One example is this ankh from the sixth to eighth century BC in Gebel Barkal, which resides at the British Museum: http://www.britishmuseum.org/explore/highlights/highlight_image.aspx?image=ps239496.jpg&retpage=15261. This is clearly glazed in faience, and is packed with imagery that displays a message of prosperity. The ankh itself was a symbol of life, and it was decorated with a sceptre, which is the Egyptian glyph for power. Behind the sceptre is a pillar, the glyph for stability, upon which sits a small figure with upraised arms. This figure indicated the idea of eternity, and held in each hand the glyph for a year. Thus the ankh celebrates the long life of the holder – that their power should remain strong for millions of years. With this use of blue, seen also in other ritual objects, we can see that for the Egyptians, the colour suggested a completely different thing to that of the Romans. It called for prosperity and longevity, and a protection against evil spirits if it were applied to funerary objects. It was also often used in sacred practices to decorate the image of a celebrated god.
This leads us to an interpretation of our head of Augustus. We know that it was found in the region of Memphis, and it was here that a cult to Augustus was established. It was here also that the Priest of Ptah, who was the most powerful religious figure in the area, was appointed as the prophet of Caesar. This miniature bust could have been a part of a full image of Augustus, a focus for this religious celebration of the new Augustan rule and glazed in blue faience to send the message of good wishes towards the emperor.

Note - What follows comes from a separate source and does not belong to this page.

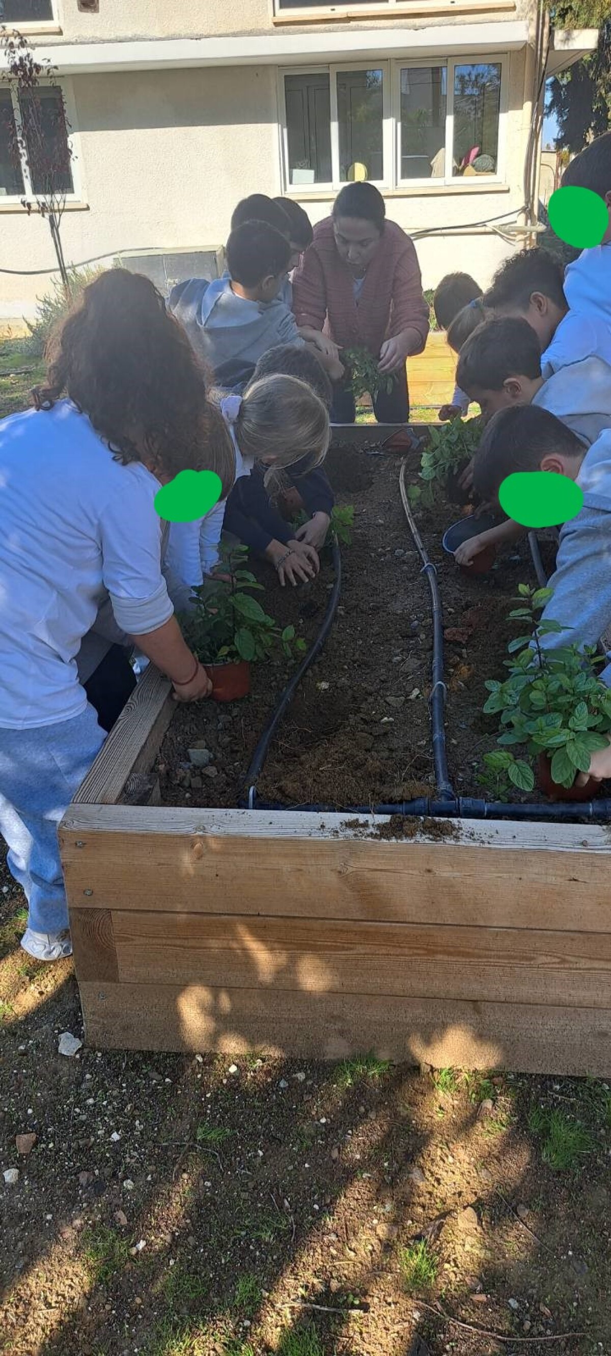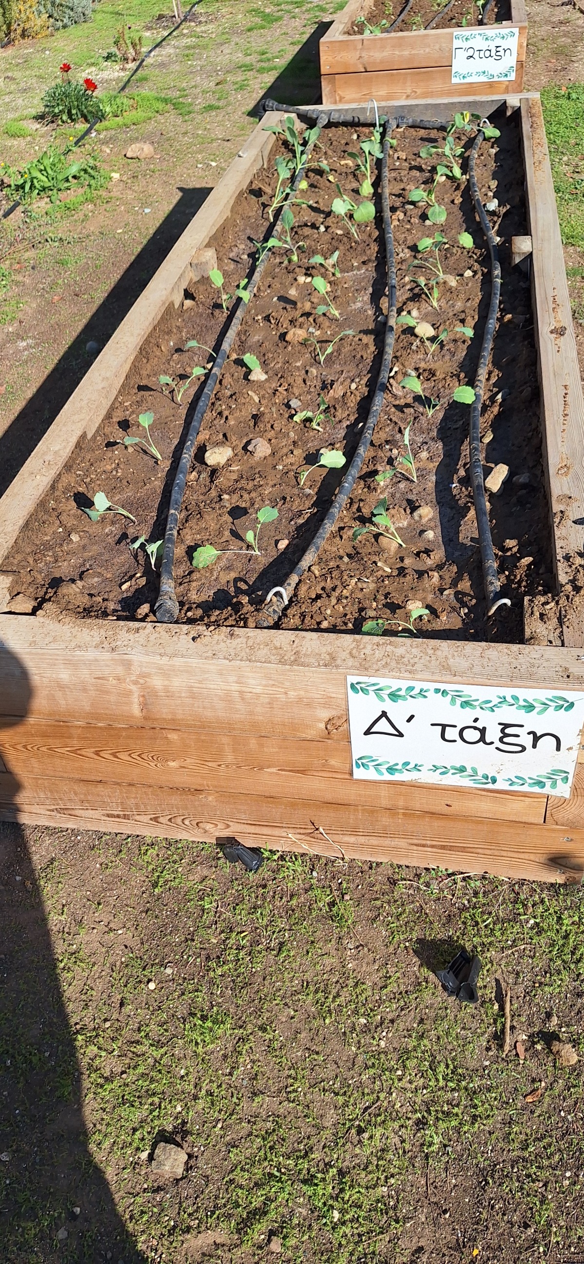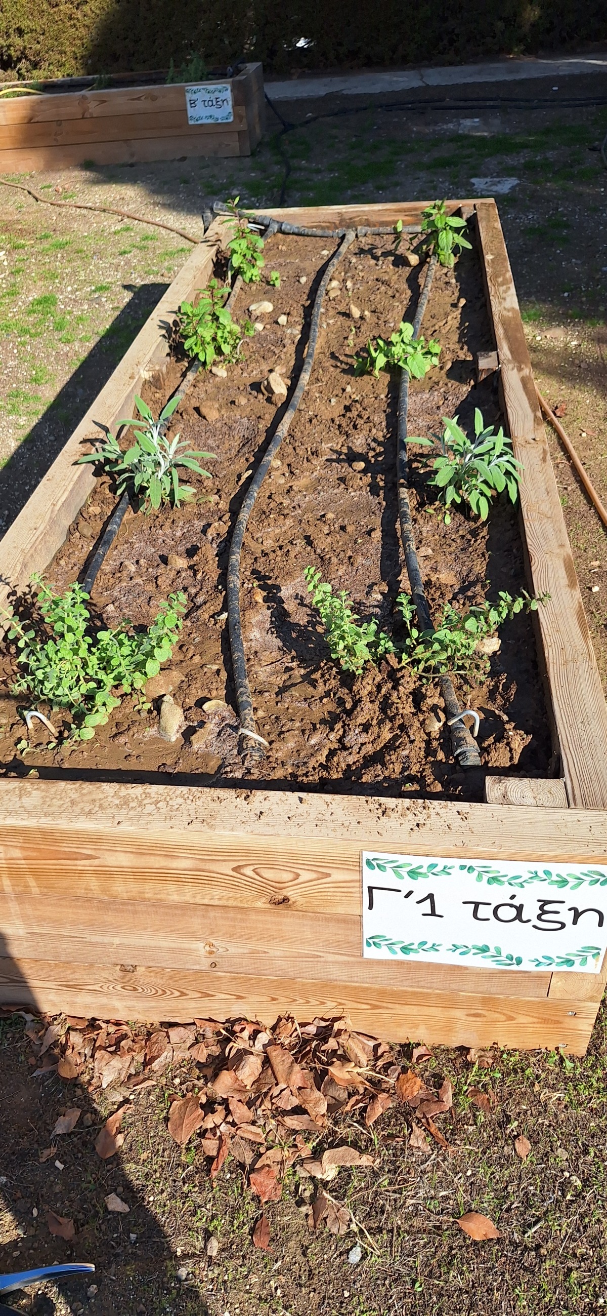 Τα παιδιά, κάθε τάξης του σχολείου, φύτεψαν στο παρτέρι τους διάφορα λαχανικά ή βότανα. Κάθε τάξη ανέλαβε τη φύτευση σε ένα παρτέρι. Συνολικά φυτεύτηκαν 7 παρτέρια. Η δράση έγινε υπό την καθοδήγηση του/της υπεύθυνου/υπεύθυνης εκπαιδευτικού της κάθε τάξης και της συντονίστριας του προγράμματος. Σε κάθε παρτέρι φυτεύτηκαν ένα ή δυο είδη λαχανικών ή βοτάνων. Πριν την παραγγελία των φυτών που θα φυτεύονταν στα παρτέρια, έγινε λίστα με τα λαχανικά ή βότανα που επιθυμούσε η κάθε τάξη. Στο παρτέρι της Α' και Β' τάξης φυτεύτηκαν μόνο βότανα, λόγω του ότι δεν υπάρχει αρκετή ηλιοφάνεια σε εκείνο το σημείο και πέρσι παρατηρήθηκε ότι στα συγκεκριμένα παρτέρια δεν αναπτύχθηκαν ικανοποιητικά τα λαχανικά. Κάθε τάξη θα φροντίζει το παρτέρι της καθ' όλη τη διάρκεια του χρόνου.

One would hope that an adviser would have explained this rather puzzling form of flattery to Augustus, if only for the sake of the Egyptian who displayed it. For a Roman, as we have seen, this bust gives the emperor the rotting flesh of a death-demon, or the woad-smeared face of some Celtic barbarian. But for the Egyptians, this was a peace-offering after the tumultuous years of the Battle of Actium, and the death of Anthony and Cleopatra. The Egyptian priests had accepted Augustus as their new figure of authority, and as such, celebrated him in the same way they had for previous Pharaohs. For them, it was no insult; even their chief god, Osiris, was often portrayed with blue skin.
By just looking at the example of blue, this case study has demonstrated that by investigating the Roman understanding of colour we can discover information about an object that would otherwise remain unfamiliar. We can also see that that there is far more to be seen and understood about the society that the Romans lived in, if we accept and embrace the fact that their world was at least as colourful as our own. Only an estimated 14% of the population were literate, so colour was a far better medium through which to spread the ideas of Augustan rule. Their art was full of meanings and associations, not only through the colour blue, but through every part of the spectrum. These colours could influence the way they thought about the art in front of them, and by seeing the Roman world in colour, and not monochrome, we can see far more of their culture than if we assume that they were colour-blind.